## Work order
Exactly as written, output each of the lines below, with no images.

## Provided material
_ _ _ _ _ _ _

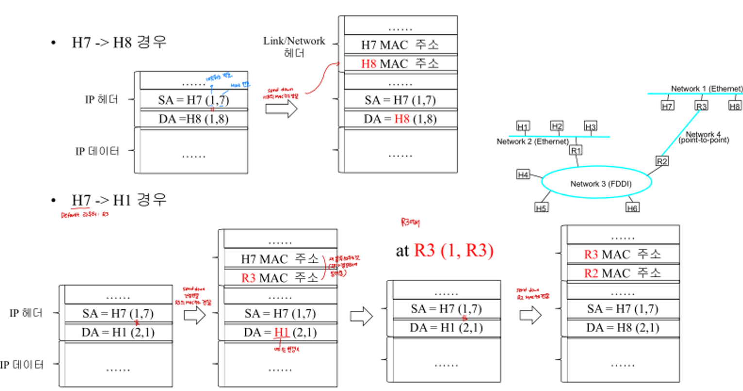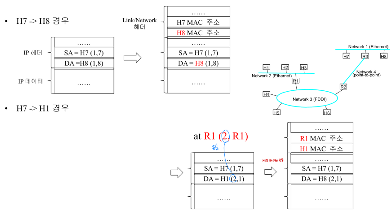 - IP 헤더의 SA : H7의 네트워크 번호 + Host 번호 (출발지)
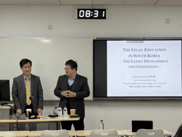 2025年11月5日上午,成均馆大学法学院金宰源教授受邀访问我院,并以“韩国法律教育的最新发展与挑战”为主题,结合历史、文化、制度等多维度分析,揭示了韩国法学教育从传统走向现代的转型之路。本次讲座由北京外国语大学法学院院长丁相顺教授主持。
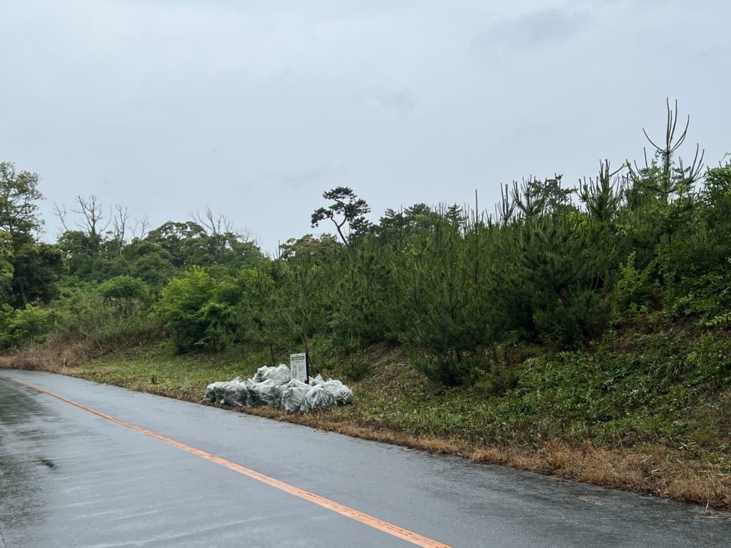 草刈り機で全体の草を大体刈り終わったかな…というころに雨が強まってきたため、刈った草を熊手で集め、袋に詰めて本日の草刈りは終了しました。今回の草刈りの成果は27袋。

_ _ _ _ _ _ _

## Answer
 - IP 헤더의 SA : H7의 네트워크 번호 + Host 번호 (출발지)
 2025年11月5日上午,成均馆大学法学院金宰源教授受邀访问我院,并以“韩国法律教育的最新发展与挑战”为主题,结合历史、文化、制度等多维度分析,揭示了韩国法学教育从传统走向现代的转型之路。本次讲座由北京外国语大学法学院院长丁相顺教授主持。
 草刈り機で全体の草を大体刈り終わったかな…というころに雨が強まってきたため、刈った草を熊手で集め、袋に詰めて本日の草刈りは終了しました。今回の草刈りの成果は27袋。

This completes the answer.